Thursday, April 13, 2006

I loveass

As a result of the popular demand of my readership I have decided to be serious for a few moments before the obligatorially astounding portion of the segment, and with absolutely no delay, I talked with a friend last week who was melancholic over the loss of an old friend and I pinched his cheek, no not the dead guy's cheek. And afterward he said some words about despair, no, a dead guy can't speak at all. Yes, it was despair that was expressed and I couldn't help but feel as if it were enjoyed, and then you say despair is a miserable state of mind and then I say that if it was so miserable then why would a person engage in such an activity? And you say the truth hurts, but does it hurt to be truthful? Dunno, but you might say it hurts to be alive. And so I say that I felt myself in a dark room, completely black and absent of everything but existence itself.

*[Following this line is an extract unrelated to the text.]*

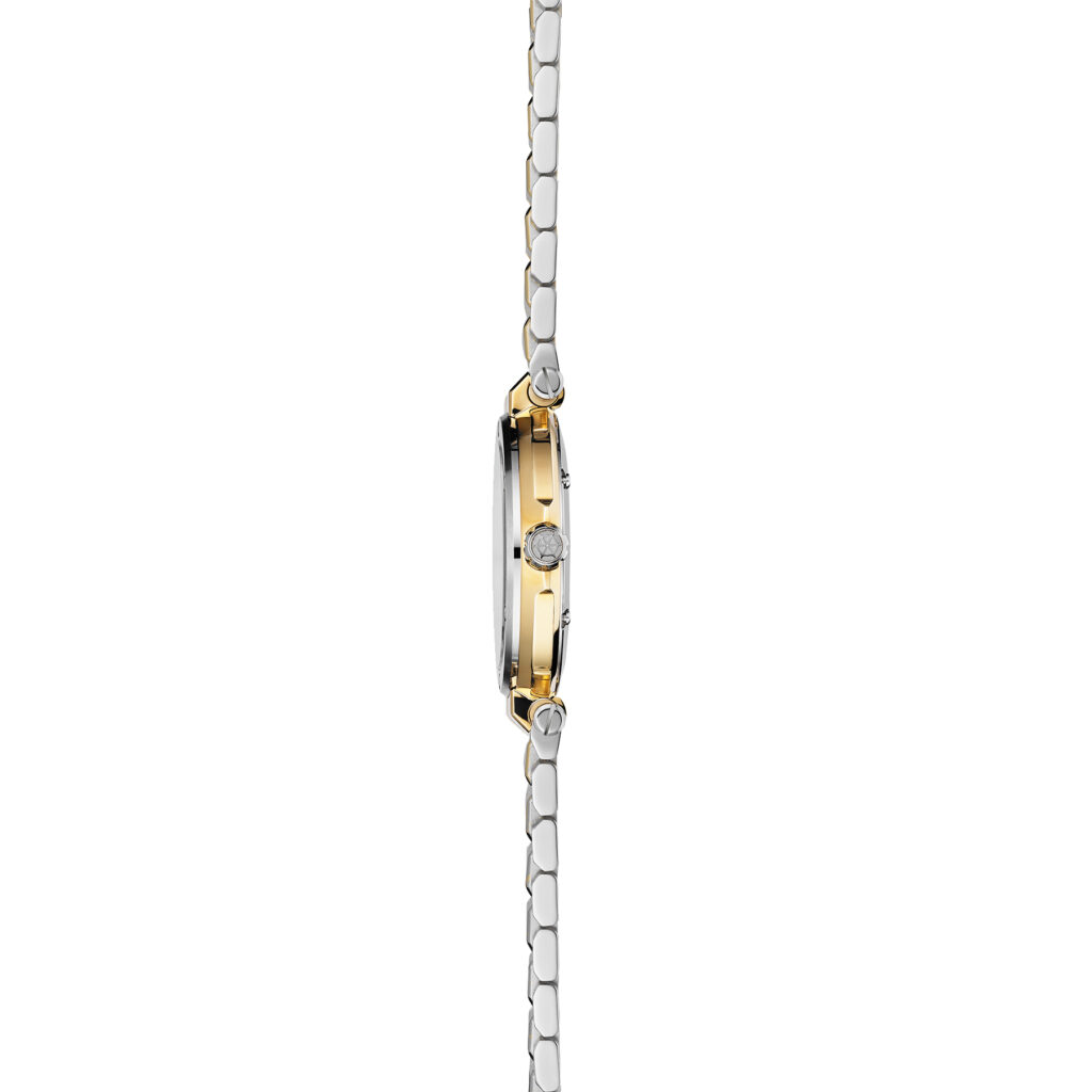 Das fein gearbeitete bicolorfarbene Edelstahlarmband mit goldfarbenen Akzenten und komfortabler Faltschließe fügt sich nahtlos ins Gesamtbild ein und rundet die luxuriöse Anmutung perfekt ab.

I was not quite sure if I was alive or dead, and when I came out of that room I felt completely refreshed, invigorated, as if from a long satisfying sleep, after which I continued to wonder and wander, and I felt no despair and in spite of everything I felt mirthful and I wanted nothing more than to go for a ride. Go for a ride, go for a ride, WooHoo!, gonna go for a ride!

(-this message brought to you by FeelTheMirth!nc, if you're feeling saucy you may as well taste good too!)